• Problem requirements:
An exact transcription of all the records below is required, without any images.

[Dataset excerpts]

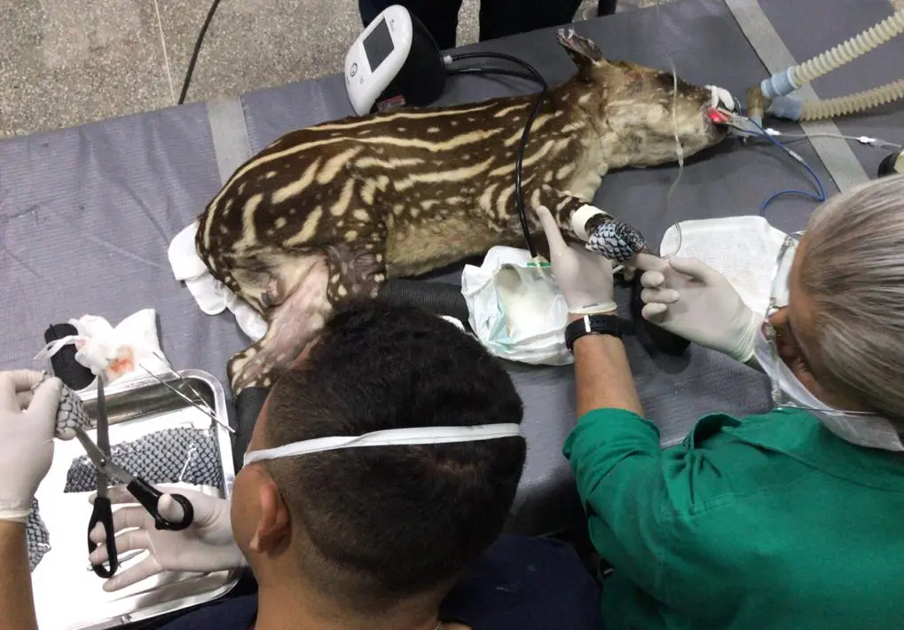 Conforme Dr. Edmar Maciel, o cenário é desafiador, já que as queimaduras atingem grandes áreas dos corpos dos animais. “Eles estão caminhando na floresta que pegou fogo, e quando pisam queimam as patas – ou a cobra, o corpo inteiro. São animais de grande porte, geralmente queimam as quatro patas. O procedimento demora até seis horas, entre anestesia e finalização”, calcula o médico.
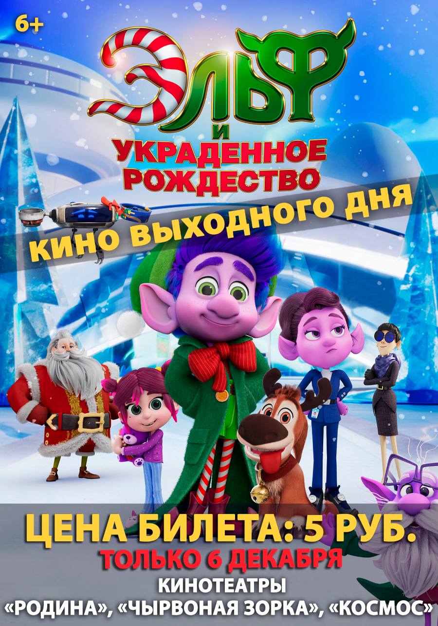 6 декабря в кинотеатрах «Родина», «Чырвоная Зорка», «Космос» мультфильм «Эльф и украденное Рождество» всего за 5 рублей!
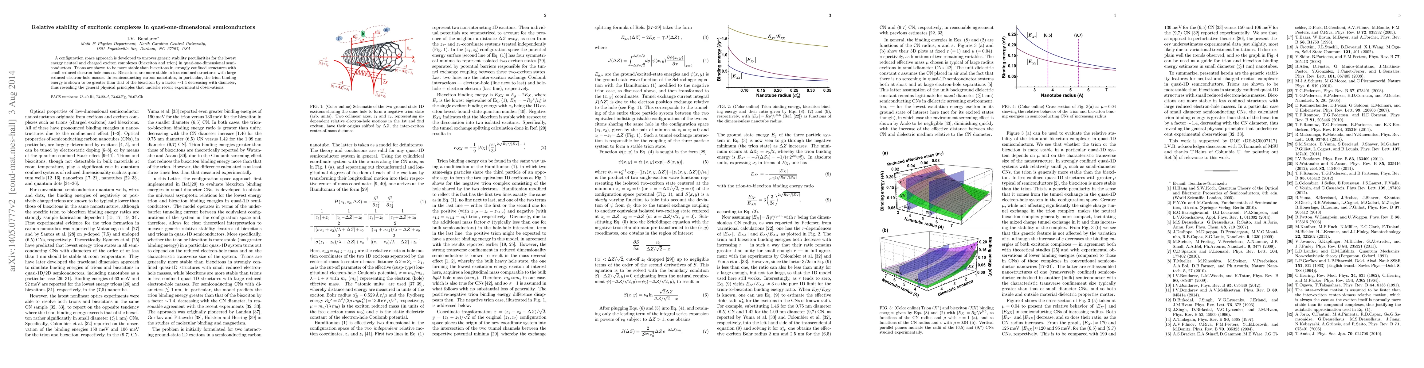This paper develops a configuration space approach to analyze the stability of excitonic complexes in quasi-one-dimensional semiconductors, finding that trions are more stable than biexcitons in strongly confined structures, while biexcitons dominate in less confined structures. In carbon nanotubes, trions exhibit a higher binding energy than biexcitons, explaining recent experimental observations.
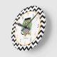 Um relógio com uma ilustração de um monstro verde inspirou uma coruja. O fundo é o chevon preto e branco. Personalize com seu nome. Procure itens correspondentes na Paperie de Jill.
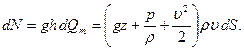 Введем понятие мощности потока. Мощностью потока в данном сечении будем называть полную энергию, которую проносит поток через это сечение в единицу времени. Так как в различных точках поперечного сечения потока частицы жидкости обладают различной энергией, вначале выразим элементарную мощность (мощность элементарной струйки) в виде произведения полной удельной энергии жидкости в данной точке на элементарный массовый расход:
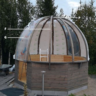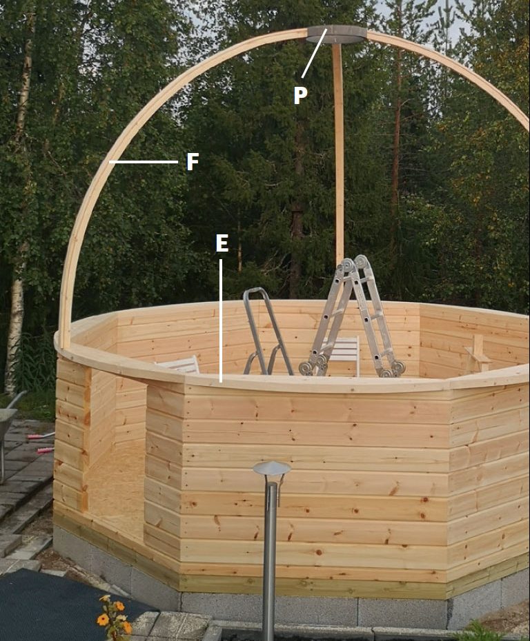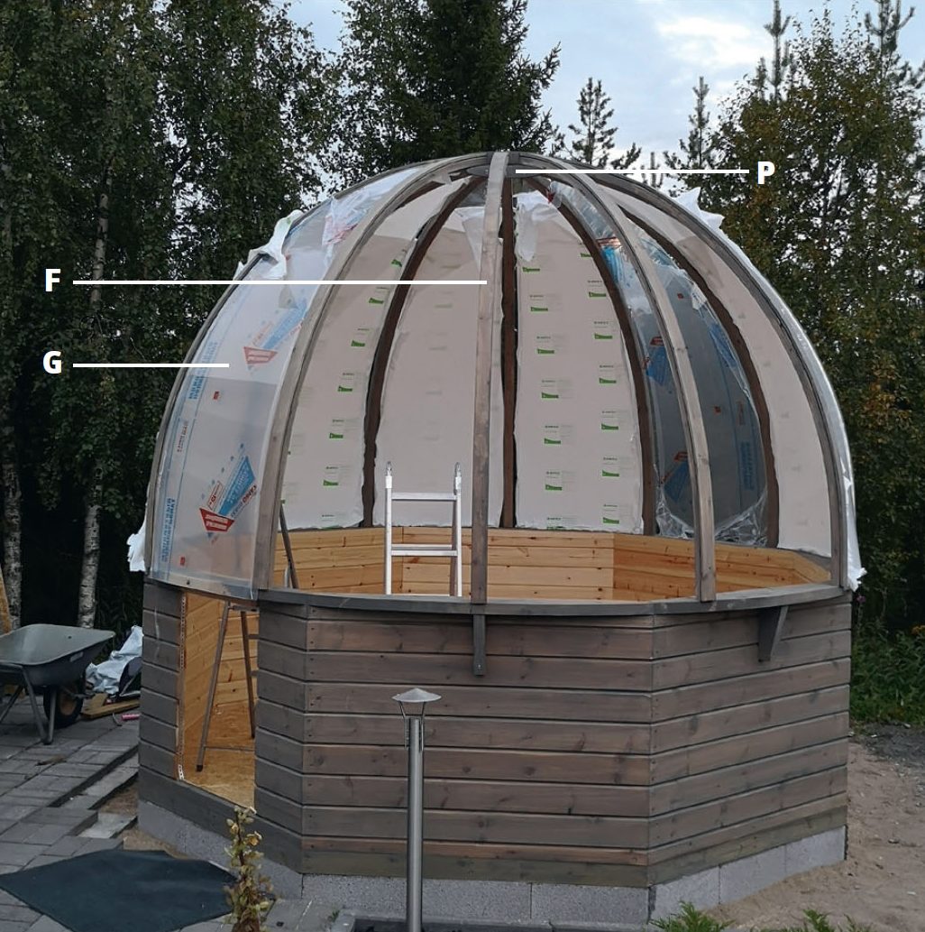 Skruva fast takstolarna (F) i skorstensringen (P) respektive fönsterkarmen (E). Vi ser till att det är lika långt mellan alla takstolar, så att vi kan skära alla plexiglasrutor (G) efter samma mått. Det minimerar betydligt risken för att göra fel.
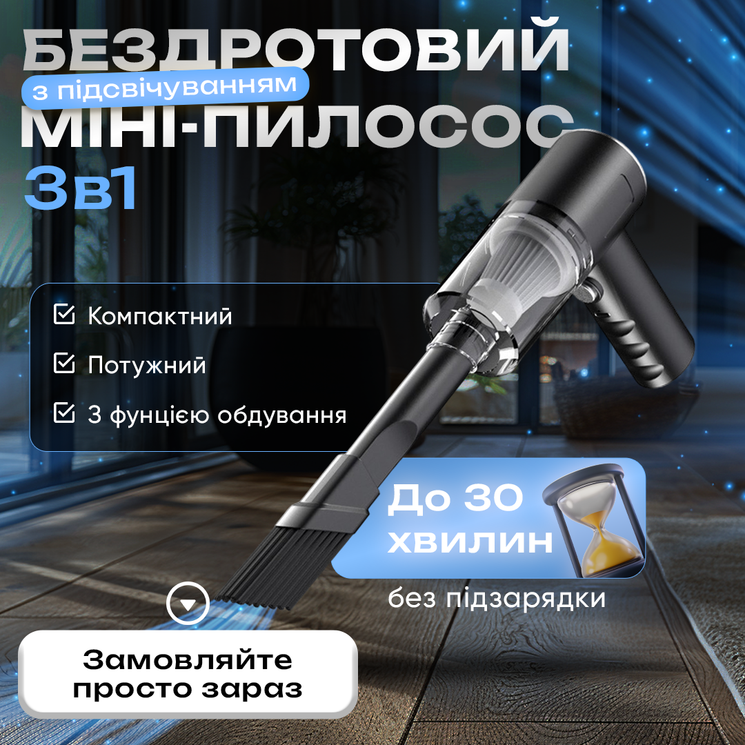 Багатофункціональний міні-пилосос 3 в 1 — це ручний автомобільний пилосос з різними насадками для прибирання, продувки та відкачування.
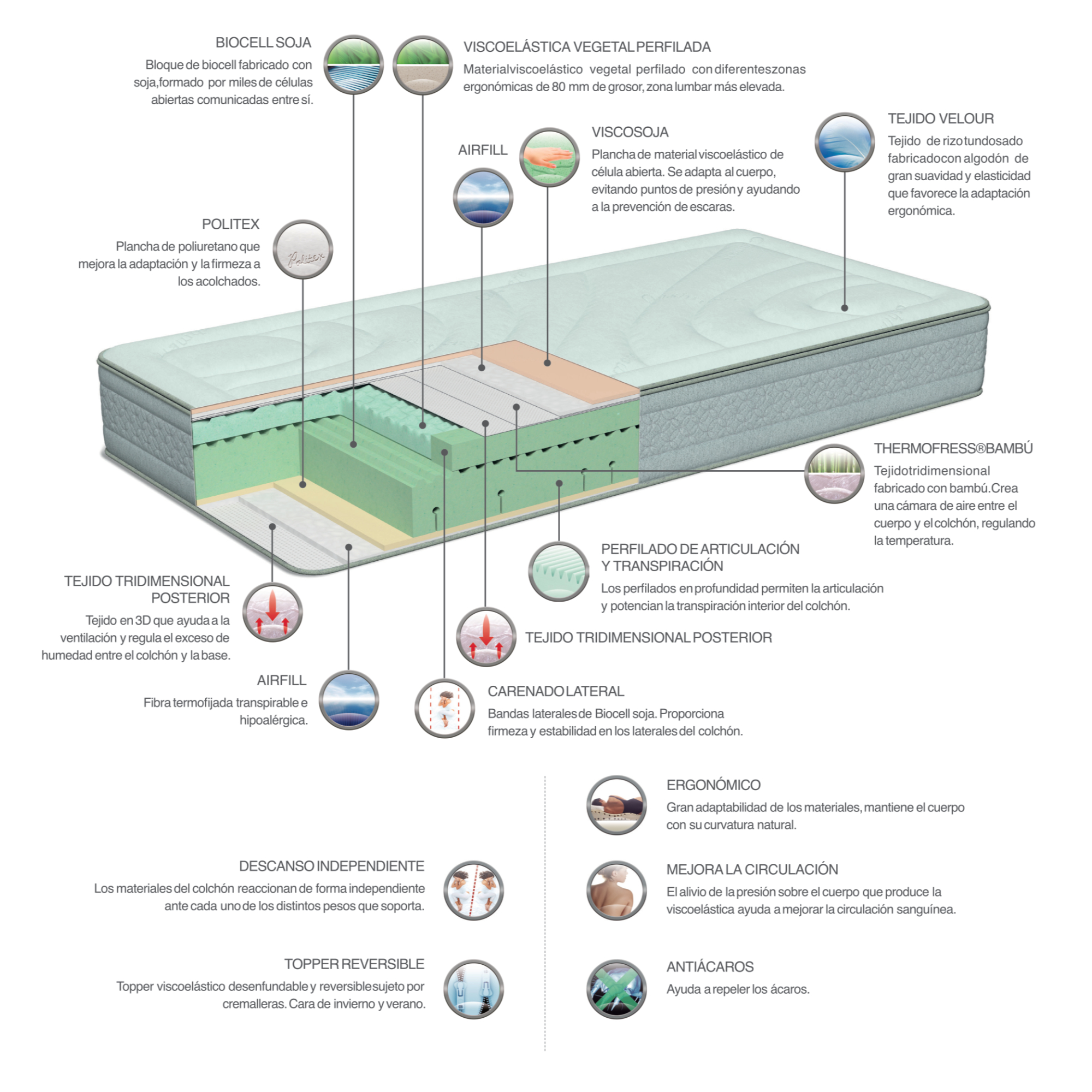 - THERMOFRESS® BAMBÚ Tejido tridimensional fabricado con bambú. Crea una cámara de aire entre el cuerpo y el colchón, regulando la temperatura.
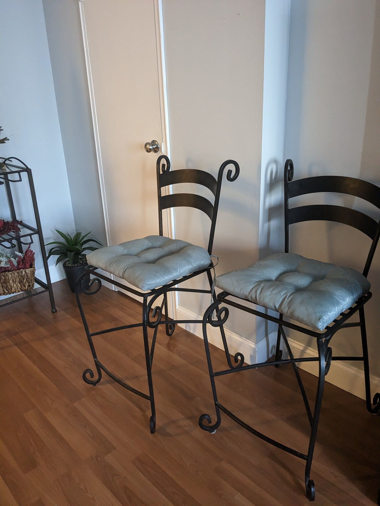 2 black wrought iron bar height chairs. Selling without cushions, great condition.
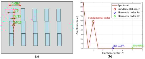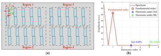 For the four-field scanning method, the width of the photosensitive unit within each scanning region is set to one-third of the code disc grating period to eliminate the third harmonic. Additionally, each unit is divided into two sub-cells with a spatial offset of Δt = d/10 to cancel the fifth harmonic. Figure 11a shows the layout of the photosensitive sensor array, where the blue rectangles represent the photosensitive cells, and the composite scanning regions replace the slit-grating configuration while implementing the above optimizations. Simulation results based on Equation (12), presented in Figure 11b, indicate that both the third and the fifth harmonic components in the output signal are 0.00%. The content of the third and fifth harmonics in the output signal is significantly reduced. These results demonstrate that the proposed scanning unit design can be effectively integrated into the four-field scanning method to achieve efficient suppression of the target harmonic components.
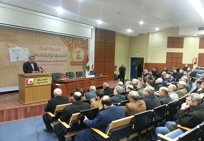 أضاف: "اذا كنا نعتقد ان المواطنة موجودة بمعزل عن فكرة الدولة وتكون كما اننا نخلق بدون وزن، ولا يمكن ان نصل الى مفهوم للمواطنة بمعزل عن فكرة الدولة الوطنية في اطار القوانين والعادات والتقاليد ومن خلال البعد السياسي، الاقتراع العام للمواطنين، البعد الاجتماعي: المساواة بين الجنسين وطنيا والبعد الاقتصادي حصول الفرد على نصيب عادل في الثروة الوطنية".
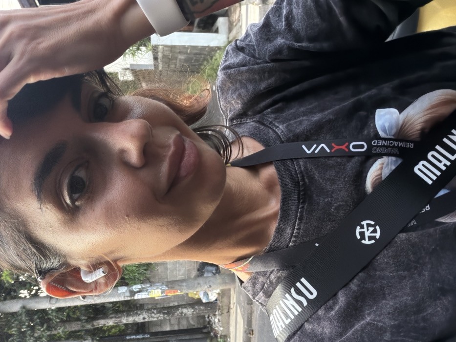 A female subject is depicted in a close-up selfie, positioned outdoors in Kuta, Indonesia. She has dark hair, dark eyes, and a medium complexion, exhibiting a slight smile. Her right ear contains a white wireless earbud, while her left ear features multiple thin dark hoop earrings and a silver-colored ear cuff on the upper helix. She wears a grey, faded t-shirt with a partially visible graphic print. A black lanyard crosses her chest, displaying white text including "MALINSU", a circular logo, and "VxXO VAPING REIMAGINED". A white wristband is present on her right wrist, with a tattoo visible beneath it on her forearm. Her right hand is raised, touching her head/hair on the right side of the frame. The background, out of focus, shows an urban environment with a utility pole adorned with posters and lush green trees on the left, and a light-colored concrete wall or building with further foliage on the right. The scene is illuminated by bright daylight.
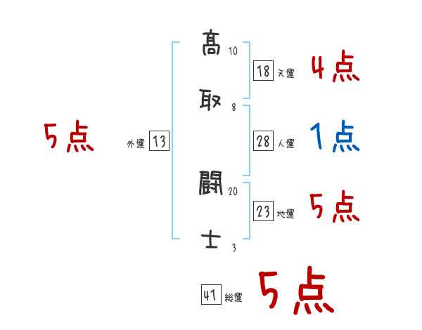 髙取闘士さんの画数の鑑定結果
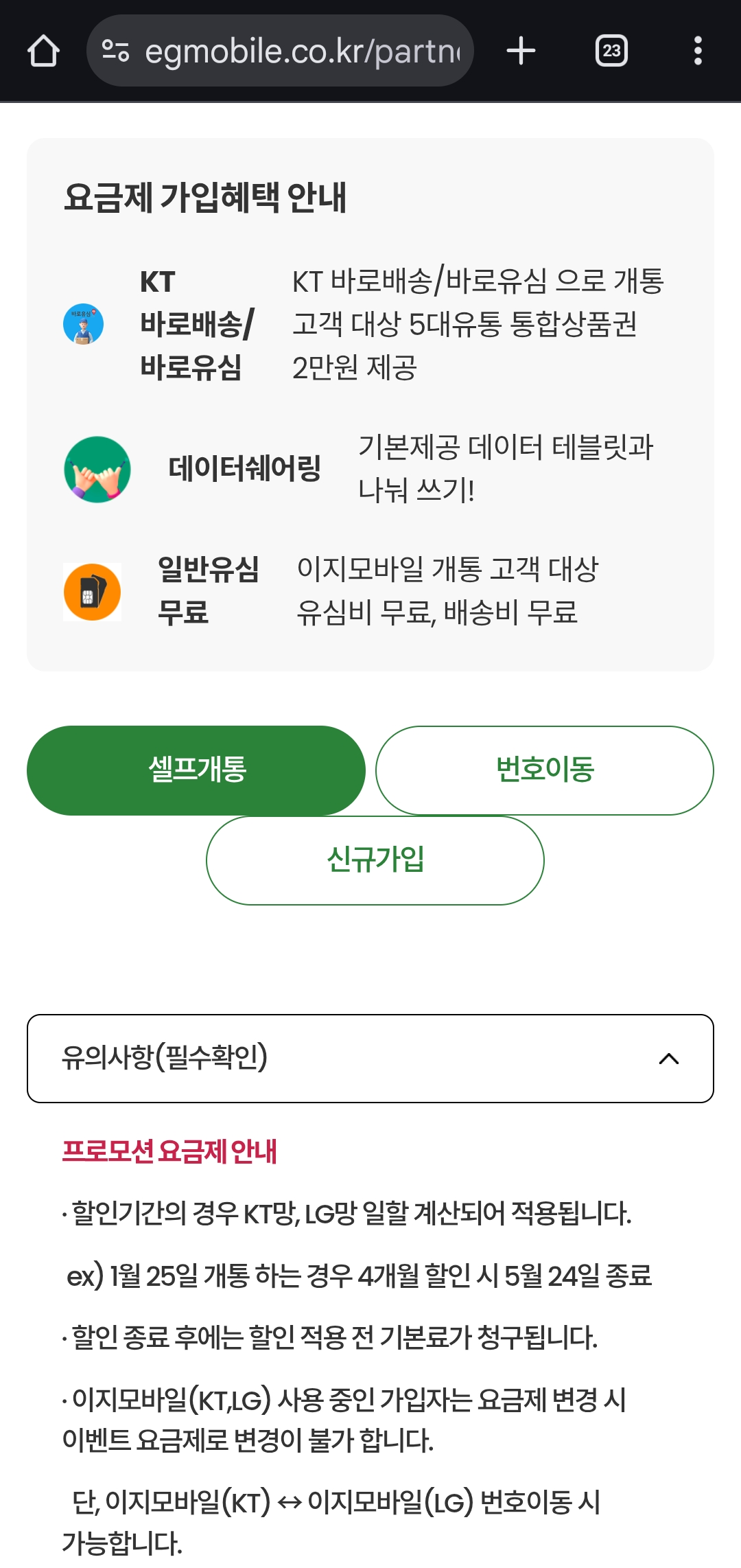 신규가입, 번호이동, 셀프개통 모두 가능

• Output for this task:
 Conforme Dr. Edmar Maciel, o cenário é desafiador, já que as queimaduras atingem grandes áreas dos corpos dos animais. “Eles estão caminhando na floresta que pegou fogo, e quando pisam queimam as patas – ou a cobra, o corpo inteiro. São animais de grande porte, geralmente queimam as quatro patas. O procedimento demora até seis horas, entre anestesia e finalização”, calcula o médico.
 6 декабря в кинотеатрах «Родина», «Чырвоная Зорка», «Космос» мультфильм «Эльф и украденное Рождество» всего за 5 рублей!
This paper develops a configuration space approach to analyze the stability of excitonic complexes in quasi-one-dimensional semiconductors, finding that trions are more stable than biexcitons in strongly confined structures, while biexcitons dominate in less confined structures. In carbon nanotubes, trions exhibit a higher binding energy than biexcitons, explaining recent experimental observations.
 Um relógio com uma ilustração de um monstro verde inspirou uma coruja. O fundo é o chevon preto e branco. Personalize com seu nome. Procure itens correspondentes na Paperie de Jill.
 Введем понятие мощности потока. Мощностью потока в данном сечении будем называть полную энергию, которую проносит поток через это сечение в единицу времени. Так как в различных точках поперечного сечения потока частицы жидкости обладают различной энергией, вначале выразим элементарную мощность (мощность элементарной струйки) в виде произведения полной удельной энергии жидкости в данной точке на элементарный массовый расход:
 Skruva fast takstolarna (F) i skorstensringen (P) respektive fönsterkarmen (E). Vi ser till att det är lika långt mellan alla takstolar, så att vi kan skära alla plexiglasrutor (G) efter samma mått. Det minimerar betydligt risken för att göra fel.
 Багатофункціональний міні-пилосос 3 в 1 — це ручний автомобільний пилосос з різними насадками для прибирання, продувки та відкачування.
 - THERMOFRESS® BAMBÚ Tejido tridimensional fabricado con bambú. Crea una cámara de aire entre el cuerpo y el colchón, regulando la temperatura.
 2 black wrought iron bar height chairs. Selling without cushions, great condition.
 For the four-field scanning method, the width of the photosensitive unit within each scanning region is set to one-third of the code disc grating period to eliminate the third harmonic. Additionally, each unit is divided into two sub-cells with a spatial offset of Δt = d/10 to cancel the fifth harmonic. Figure 11a shows the layout of the photosensitive sensor array, where the blue rectangles represent the photosensitive cells, and the composite scanning regions replace the slit-grating configuration while implementing the above optimizations. Simulation results based on Equation (12), presented in Figure 11b, indicate that both the third and the fifth harmonic components in the output signal are 0.00%. The content of the third and fifth harmonics in the output signal is significantly reduced. These results demonstrate that the proposed scanning unit design can be effectively integrated into the four-field scanning method to achieve efficient suppression of the target harmonic components.
 أضاف: "اذا كنا نعتقد ان المواطنة موجودة بمعزل عن فكرة الدولة وتكون كما اننا نخلق بدون وزن، ولا يمكن ان نصل الى مفهوم للمواطنة بمعزل عن فكرة الدولة الوطنية في اطار القوانين والعادات والتقاليد ومن خلال البعد السياسي، الاقتراع العام للمواطنين، البعد الاجتماعي: المساواة بين الجنسين وطنيا والبعد الاقتصادي حصول الفرد على نصيب عادل في الثروة الوطنية".
 A female subject is depicted in a close-up selfie, positioned outdoors in Kuta, Indonesia. She has dark hair, dark eyes, and a medium complexion, exhibiting a slight smile. Her right ear contains a white wireless earbud, while her left ear features multiple thin dark hoop earrings and a silver-colored ear cuff on the upper helix. She wears a grey, faded t-shirt with a partially visible graphic print. A black lanyard crosses her chest, displaying white text including "MALINSU", a circular logo, and "VxXO VAPING REIMAGINED". A white wristband is present on her right wrist, with a tattoo visible beneath it on her forearm. Her right hand is raised, touching her head/hair on the right side of the frame. The background, out of focus, shows an urban environment with a utility pole adorned with posters and lush green trees on the left, and a light-colored concrete wall or building with further foliage on the right. The scene is illuminated by bright daylight.
 髙取闘士さんの画数の鑑定結果
 신규가입, 번호이동, 셀프개통 모두 가능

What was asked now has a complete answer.